Lu Ying menutup mulut dengan tangan kiri, air matanya tak henti mengalir, dan ia mengangguk tersendat.
“Aku baru saja lulus lalu menikah dengannya! Setelah menikah, aku belum lama bekerja, lalu berhenti karena hamil dan beristirahat di rumah. Keluarga asalku biasa-biasa saja, keluarganya sedikit berada, dan akhirnya hakim menyerahkan anakku padanya.”
“Lalu mengapa putrimu bisa jadi seperti itu?” tanya Wang Xiang dengan dahi berkerut.
“Bajingan itu, setelah ayahnya meninggal, seluruh warisan habis dia judi! Tak punya uang, tak mau kerja, malah menjadikan putriku pengemis di jalan!” Lu Ying mengutuk penuh kebencian.

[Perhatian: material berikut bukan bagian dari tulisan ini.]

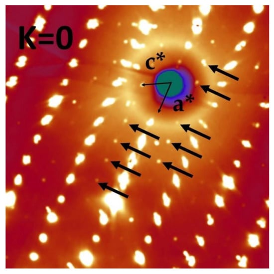We have studied the thermal evolution of the structural properties of κ-ET-Cu as a function of temperature. Importantly, the P space group is confirmed in the entire temperature range since reflections forbidden in the P21/c space group were observed from 300 to 3 K. Upon cooling to 3 K, the intensity of these reflections only slightly increased, while the overall X-ray pattern did not change significantly. In particular, no significant change was detected in the temperature range between 300 and 200 K, where, according to H1 NMR measurements [], the thermally activated jump between E and S conformations decreases, leading to the stabilization of the S conformation seen in the structural refinements [,]. In addition, no substantial modification in the intensity of the Bragg reflections was observed in the temperature range between 60 and 3 K where a relaxor-like peak is detected by dielectric measurements [,].
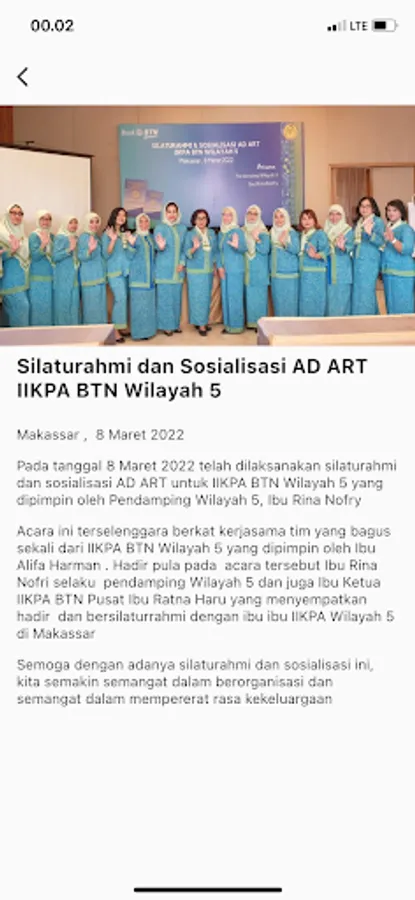 Selain itu kegiatan IIKPA BTN juga bertujuan untuk meningkatkan persatuan dan kesatuan, serta meningkatkan kepedulian sosial baik antar anggota organisasi maupun sesama.

“Dalam keadaan begitu, bukankah kau bisa mengambil hak asuh melalui jalur hukum?” tanya Wang Xiang dengan nada dingin.
Mendengar itu, tangan Lu Ying yang menyeka air mata terhenti, lalu dengan canggung berkata, “Aku sudah menikah lagi, dan punya seorang putra serta putri.”
Wang Xiang mengerti, rupanya karena keluarga barunya, ia memilih meninggalkan putri dari pernikahan sebelumnya.
Tanpa sadar, pandangan Wang Xiang pada Lu Ying jadi agak dingin dan menjauh.
Jika bukan karena Zhou Yiming, Wang Xiang pasti sudah menyuruh sopir berhenti dan menurunkan wanita itu dari mobil.
Tak disangka, wanita yang tampak lemah lembut di luar, ternyata berhati dingin sedemikian rupa.
Apapun alasannya, melihat darah daging sendiri mengemis di jalanan dingin, bagi Wang Xiang, orang tua seperti itu benar-benar tak berhati nurani.
“Nona Lu, aku baru ingat ada janji lain. Aku akan meminta seseorang mengantarmu pulang. Maaf,” kata Wang Xiang tiba-tiba.